# Task to carry out
Stop at the line that contains "Derby noir en cuir détails perforations". Until then, set down each line of the records exactly, beginning with the first, and skip pictures.

# Dataset content
-- Opening Marker --

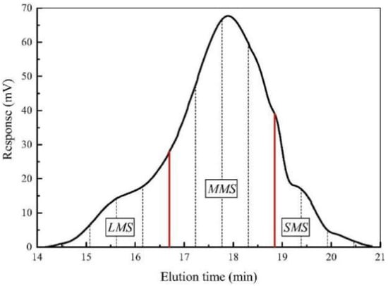GPC diagram of asphalt (large molecular size (LMS), medium molecular size (MMS) and small molecular size (SMS)) [125].
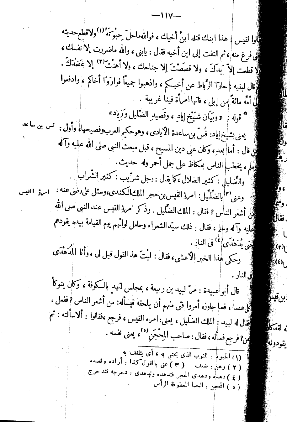 قوله: وبيان شيخ إياد، وقصيد الضليل وزياد.
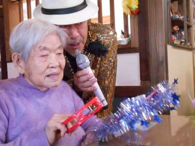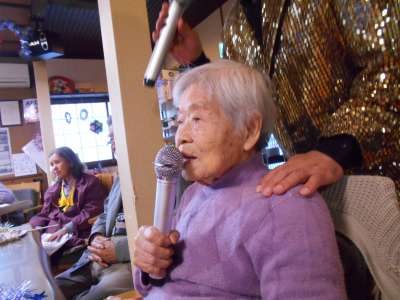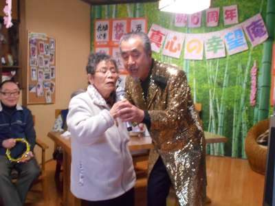 リクスト曲を一緒に歌ってニコニコ笑顔の母です
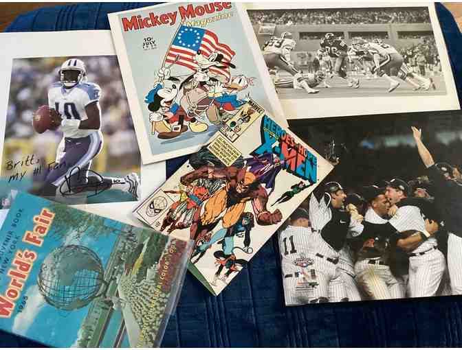 1964-65 Worlds Fair Program, Signed Titans Print, Mickey Mouse, Yankees 1996 World Series Photo, X-men Comic, Football Print Steelers vs Browns?
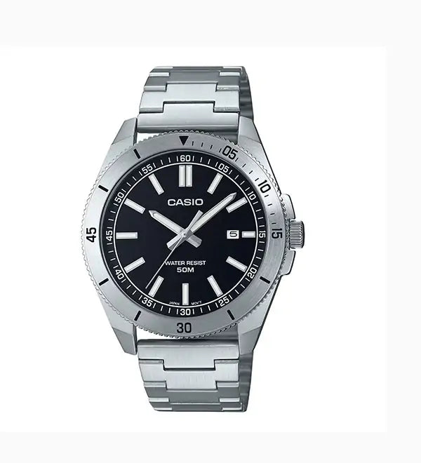o sporty and stylish, on or off the clock — analog timepieces designed around the classic look of hour, minute and second hands. Water resistance up to 50 meters frees you from worry, even on rainy days. The easy-read date display at the 3 o’clock position adds an extra handy touch.
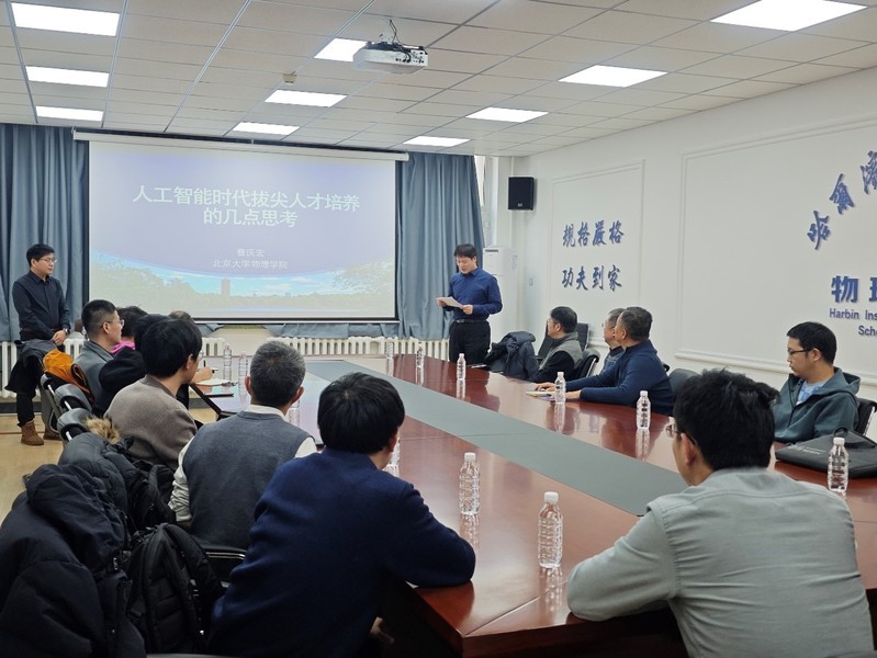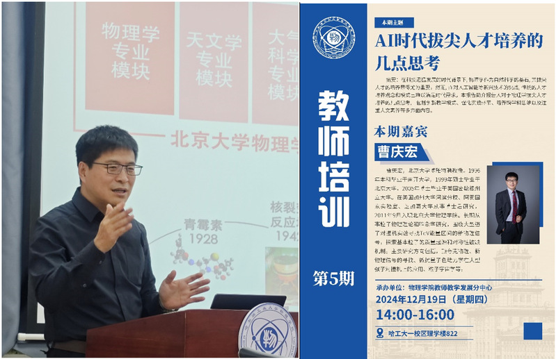 304am永利集团教师发展分中心于2024年12月19日在理学楼822举办了一场主题为“《AI时代拔尖人才培养的几点思考》”的教师培训讲座。本次讲座由北京大学博雅特聘教授曹庆宏主讲,旨在探讨和分享在AI时代背景下,物理学拔尖人才培养的新思路和新方法。
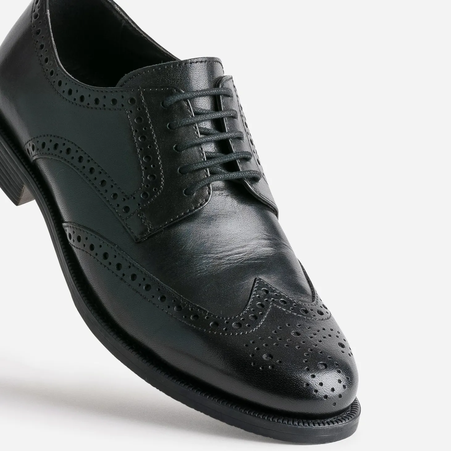 Derby noir en cuir détails perforations
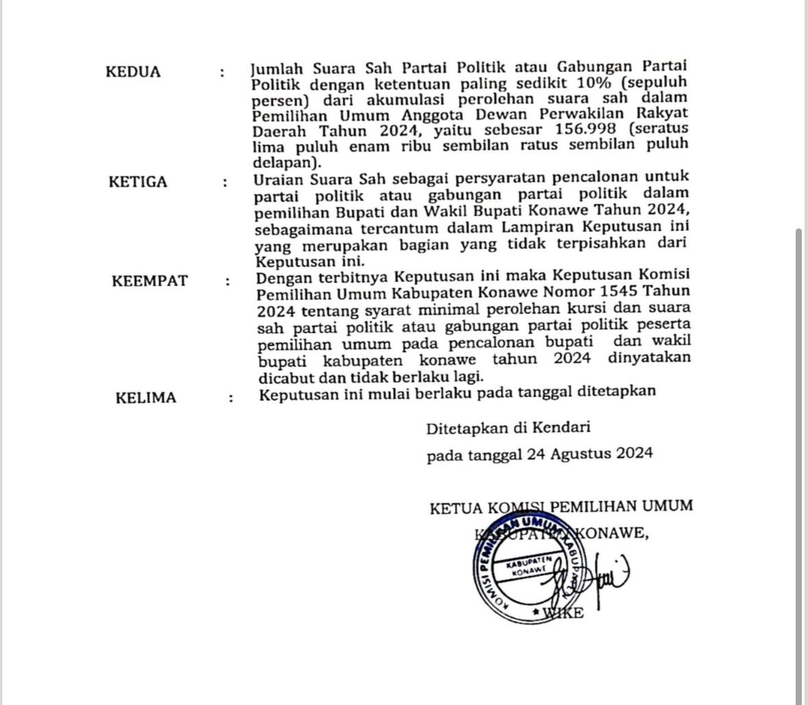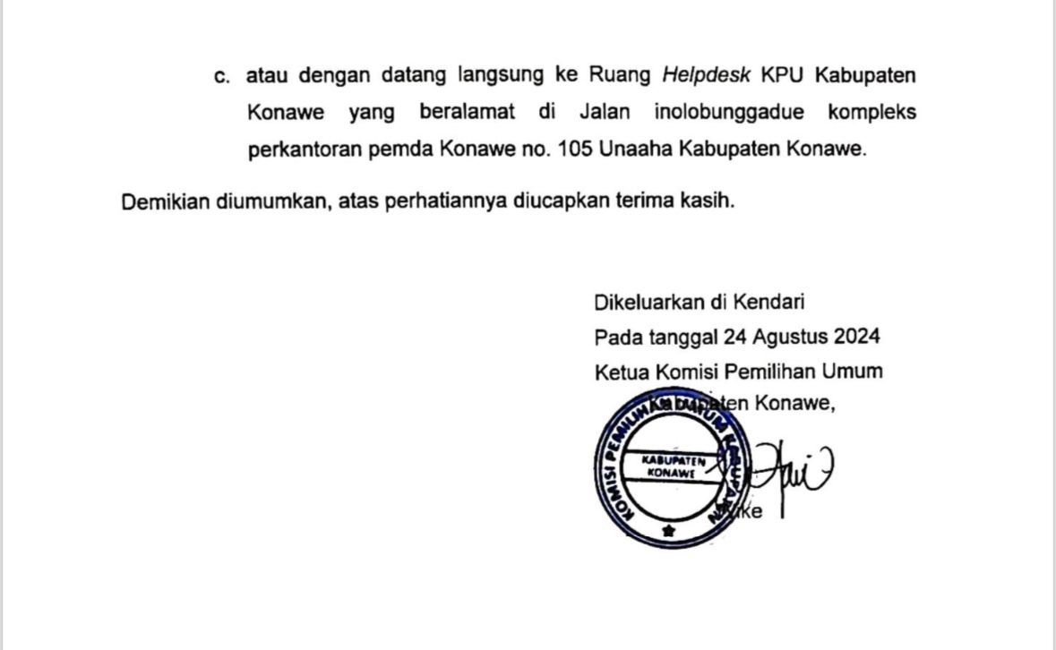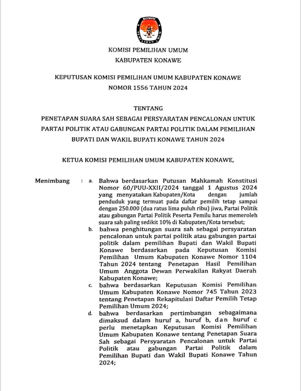 TINDO.ID | KONAWE – Komisi Pemilihan Umum (KPU) Kabupaten Konawe Provinsi Sulawesi Tenggara (Sultra) secara resmi mengumumkan jadwal pendataran bakal pasangan calon Kepala Daerah, Bupati dan Wakil Bupati Konawe periode 2024 – 2029.
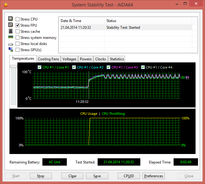 При загрузке процессора тестом Stress CPU (утилитой AIDA64 Extreme Edition — тест на стабильность системы), который использует целочисленные вычисления, частота процессора составляет 3,2 ГГц (напомним, что для процессора Intel Core i7-4700HQ максимальная частота в режиме Intel Turbo Boost составляет 3,4 ГГц). Температура процессора в этом режиме загрузки увеличивается до 75 °С.
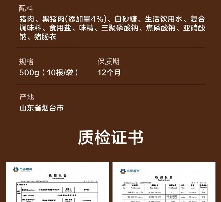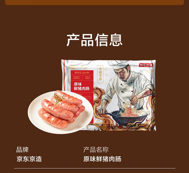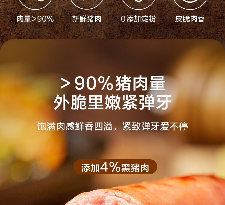 京东京造 原味猪肉肠500g/10根 0添加淀粉黑猪鲜肉肠纯肉烤肠
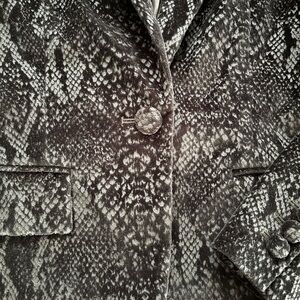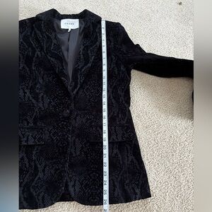 Chic and stylish blazer by Frame Denim. Features a dark, velvet snake python pattern. Ideal for a polished look. Make me an offer!
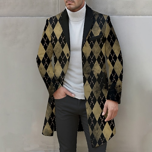 Per uomo Geometrico Rombi Cappotto Casual Affari Quotidiano Stampa 3D Bottoni Tasca Frontale Primavera Autunno Inverno Dentellato Manica Lunga Giallo Arancione Marrone
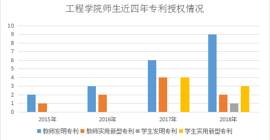 自实施“专利工程”以来,工程全体师生以培养学生的创新精神、创业能力、实践动手能力和锤炼综合素质为重点,在实践中培养学生敢于冒险、乐于创新、勇于实践的校园创业文化意识,在探索中增强师生知识产权保护能力。2015年以来,必赢官网获得专利数量、质量均稳步提升,2017年专利授权达到两位数,2018年必赢官网学生申报专利32项,师生获得授权专利15项,其中学生获得发明专利1项,实现了学生发明专利授权零的突破。“专利工程”得到有效推进,师生知识产权保护意识得到显著增强。
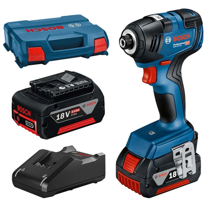 La GDR 18V-200 Professional est conçu pour le serrage et desserrage de vis dans de la tôle, du métal et du bois. De plus, cette visseuse a chocs sans-fil est compatible avec toutes les batteries et tous les chargeurs 18 V de Bosch Professional (Professional 18V System).
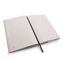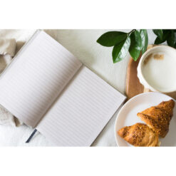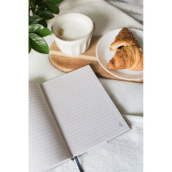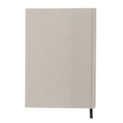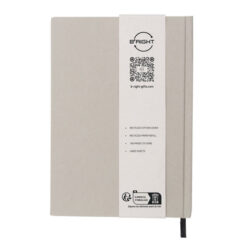 Notatnik B’RIGHT w formacie ok. A5, posiada 80 kartek w linie (160 stron), tasiemka zakładkowa umożliwia wygodne zaznaczanie ostatniej strony lub ważniejszych notatek, twarda okładka wykonana z bawełny z recyklingu, kartki z papieru z recyklingu
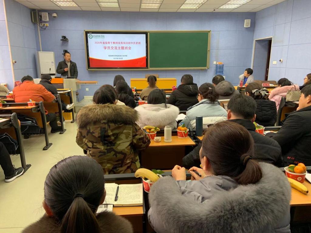 1月4号下午,2020年度“省级骨干教师培育项目”(初中历史)学员交流主题班会在人文楼706会议室召开。班会由2026世界杯官方合作网站历史系主任兼本次培训学科班主任孙炜主持。
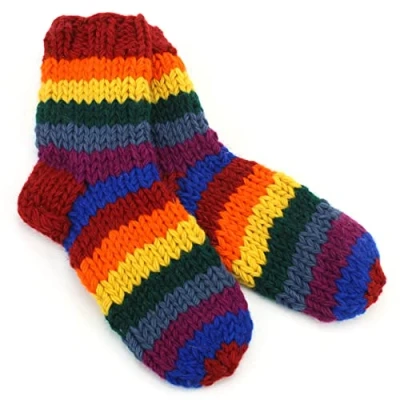 Beautifully crafted wool ankle socks designed to be worn over socks because they are not lined with fleece like many similar products. These are so cosy and warm they will keep you happy even in the coldest months! Plastic Free. Available in lovely colours and designs, including striped and Space Dye. Plastic Free. Made from 100% New Zealand sheep's wool and hand crafted in Nepal by artisans living and working in remote areas of the Kathmandu Valley, the wool is brought to the villages so that the knitters can maintain their close knit families and communities rather than going away to work in Kathmandu for large portions of the year. Approx. measurements: Heal to toe - 25cm / 9.8"; Heal to top - 19cm / 7.5". Made from wool so there is plenty of stretch in these socks making them suitable for UK sizes 4-11 / EU sizes 36-43.

-- Closing Marker --

# Result for this task
GPC diagram of asphalt (large molecular size (LMS), medium molecular size (MMS) and small molecular size (SMS)) [125].
 قوله: وبيان شيخ إياد، وقصيد الضليل وزياد.
 リクスト曲を一緒に歌ってニコニコ笑顔の母です
 1964-65 Worlds Fair Program, Signed Titans Print, Mickey Mouse, Yankees 1996 World Series Photo, X-men Comic, Football Print Steelers vs Browns?
o sporty and stylish, on or off the clock — analog timepieces designed around the classic look of hour, minute and second hands. Water resistance up to 50 meters frees you from worry, even on rainy days. The easy-read date display at the 3 o’clock position adds an extra handy touch.
 304am永利集团教师发展分中心于2024年12月19日在理学楼822举办了一场主题为“《AI时代拔尖人才培养的几点思考》”的教师培训讲座。本次讲座由北京大学博雅特聘教授曹庆宏主讲,旨在探讨和分享在AI时代背景下,物理学拔尖人才培养的新思路和新方法。
 Derby noir en cuir détails perforations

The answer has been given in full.